Filters
Filters
and the Unix philosophy
grep
Regular
expressions
egrep
regular expressions
Fun?
with regular expressions
Other
filters
sed
Advanced grep options and patterns
Reading:
The Unix Programming Environment, Chapter 4
- Unix has a philosophy of
using small programs that have a specific purpose
- These programs are then
combined to produce the result you want
- By giving you a set of
"building blocks," Unix lets you handle just about any situation
- Many of these "building
blocks" are "filters"
- They take some input,
do something to it, and produce some output
- We'll cover a few of these in
this section
- Generally speaking, grep searches for patterns in files
- Or in stdin, if no
files are given
- The patterns are a class of
patterns called regular expressions
- grep stands for “get
regular expression and print”
- Variants of grep, called egrep and fgrep, are also usually available as grep -E and grep -F
- egrep extends the regular expression
syntax
- fgrep does a "fast" search
using fixed strings
- Some of the most useful
options:
- grep –v prints lines that
do not match the pattern
- grep –i is
case-insensitive
- grep –n prints out the
line number before the line (and file if more than one file searched)

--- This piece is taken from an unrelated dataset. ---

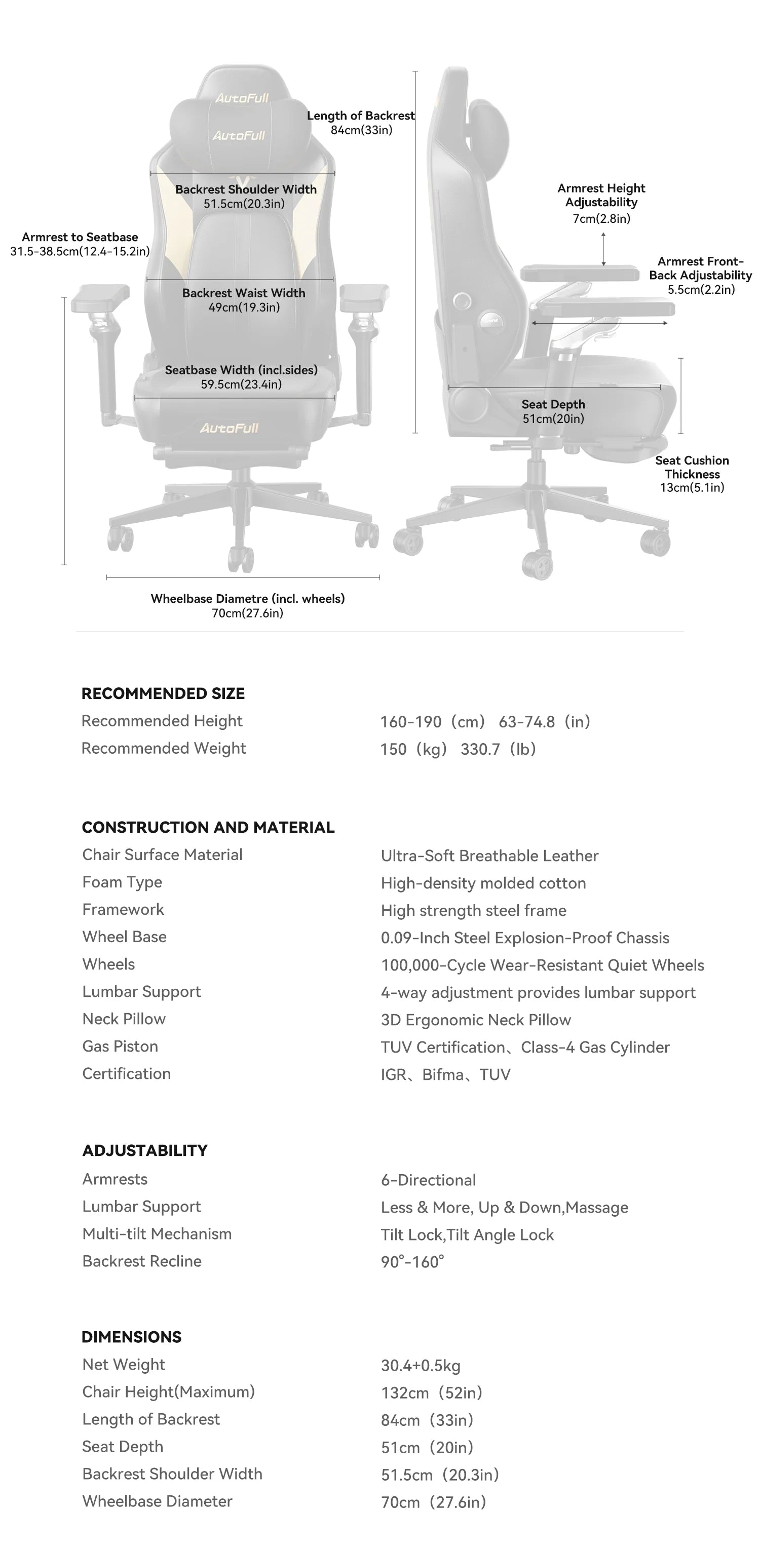 Ultimate Climate Comfort:Stay comfortable year-round with our advanced climate control system. Dual high-powered fans cool the seat to 66.2°F, keeping you dry and refreshed, while integrated graphite heating elements warm it up to 122°F for cozy relaxation. With a three-level adjustment, you can easily switch between cooling and heating modes to suit your needs—ensuring focus and comfort no matter the weather.Elastic Lumbar Massage:The lumbar support also includes a built-in massage feature with two high-frequency vibration motors to keep you relaxed and comfortable during long gaming or work sessions.Dynamic Tracking Lumbar Support:Achieve personalized support with our adaptive lumbar system, designed to move up, down, forward, and back to align with your spine perfectly. Ideal for users between 5'9" and 6'2", this lumbar cushion adjusts with a simple turn of the knob and provides ongoing support through its flexible design. Lock it into your preferred position with ease, ensuring long-term comfort during extended sessions.3D Erogonomic Neck Pillow:The newly designed fixed 3D headrest offers individual support adjustments on both sides, with a 60° angle of adjustment. It also provides orbital movement with 1.25 inches of forward and backward motion, along with 4 inches of vertical adjustment, delivering effective neck support for users between 5'3" and 6'4".360° Adjustable Armrests:Enjoy 360° rotation on the main shaft and 40° inward/outward adjustment on the secondary shaft. These armrests can be folded up by 20° and adjusted by 3.54 inches in height and 2.75 inches in depth, ensuring you find the perfect ergonomic position every time.

- grep –f filename reads the
patterns from a file (maybe only for fgrep and egrep on some systems)
- grep –l only prints out
the filenames that have something that matches (very useful on command
lines: sort `grep –l …` | …
- Regular expressions are
basically mini-algorithms that specify how to match text
- Regular expressions
look similar to shell patterns, but are quite a bit different
- The simplest regular
expresson is a single letter, which matches that letter
- a matches a, abcde,
or supercalifragilisticexpialidocious
- A sequence of letters matches
that sequence
- cat matches cat, caterpillar, or scatalogical
- The character . (a dot) matches any character
- The character * indicates zero or more occurrences
of the preceeding character
- car* matches cat, carry, or carolina
- ar*a matches sarah, saab, or marrrrrrrrrrrrra,
but not marrrrrrrrrtha
- ^ matches the beginning of a line
- $ matches the end of a line
- So ^$ matches a blank line
- [....] matches any of the characters given, and ranges
can be specified
- [0-9] matches any digit
- [0-9]* matches zero or more digits
- [^....] matches any character other than those listed,
and ranges can be specified
- [^0-9] matches any non-digit
- Note that * doesn't match anything itself. It
just modifies the meaning of the previous character
- egrep (or grep -E) adds a few
more
- The character + matches one or more of the
previous character
- car+ matches car, carr, or carrrrr,
but not ca
- The character ? matches zero or one of the
previous character
- car?pet matches capet and carpet, but not ca or carrpet
- (expression1|expression2) matches either expression1
or expression2
- Note that ?, and + don't match anything themselves. They just modify
the meaning of the previous character
- The book offers a couple of
interesting regular expressions. If you understand them, you could be
considered to have a good understanding of regular expressions.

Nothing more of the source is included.